Oh, the pain! The agony! The unfairness of it all! And I find this out just as
I’m about to get on top of the whole issue and attempt to move on gracefully.
Well, flush all that. A few days later I see this Mike B. drive by in an old
car. I’m standing next to a fruit stand when I see him coming. Without thinking
(per usual) I grabbed a plum and threw it at his car, hitting the passenger
door, splattering the plum. Mike slowed, saw who it was, and decided to
keep on going. So glad now that he did… he was the son of a construction
company owner, and might have cleaned my clock! And besides, he’d already
won, hadn’t he?
And so Sharon married Mike that summer. I wasn’t invited.
– to be continued –
3 Replies to “That Lost Summer”
Ah, so true! My first love, high school age, took forever for my heart to get over. Music my Chicago or Bad Company or many more from the mid-70’s will always bring a flood of good feelings. Thankfully the tears stopped about age 30, but there is always a wistful I wonder what might have been feeling.
All is takes is a song.
Right you are, Karen! It’s interesting, how powerful a song can be…

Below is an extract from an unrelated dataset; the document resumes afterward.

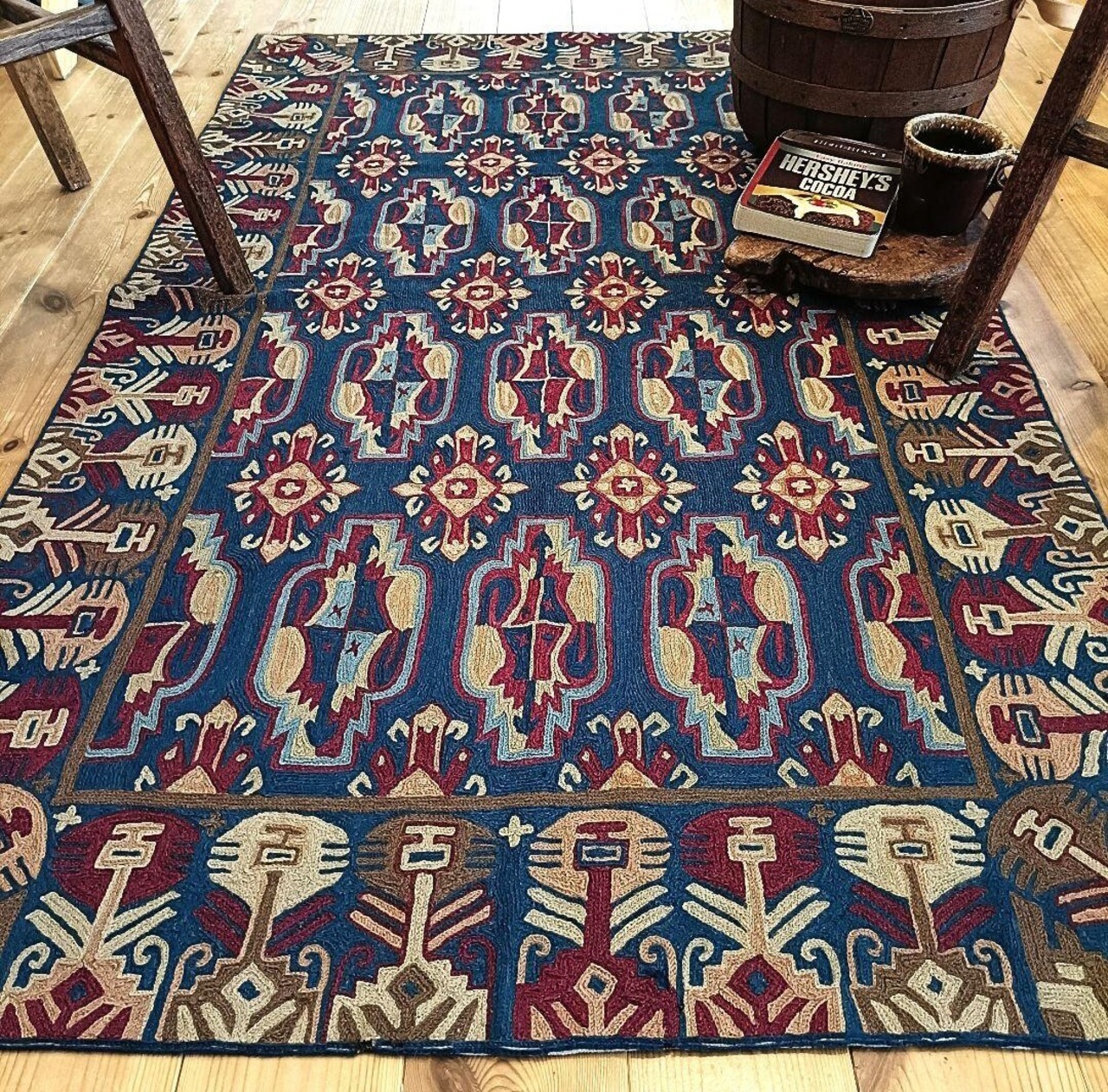 1980年代にフランスで流通していた、重厚な民族モチーフが印象的なチェーンステッチラグです。

Mr. Hulse: A most remarkable article! I enjoyed it immensely. Unlike you, who had his pick of any girl in the area, I had to work hard to get a date. So you can understand my elation and glee when Ms. Sharon R. agreed to a date with me. This would have been around 1961 or so. Yes, Sharon was cute – I thought gorgeous, and my date with her was one that I still remember. I was aware of your involvement with Sharon and knew about the breakup. We had a mutual friend – Rick M. Rick M. kept me informed as to your whereabouts and activities, primarily because your lifestyle was so awe inspiring to someone like me. I can’t wait for the next chapter.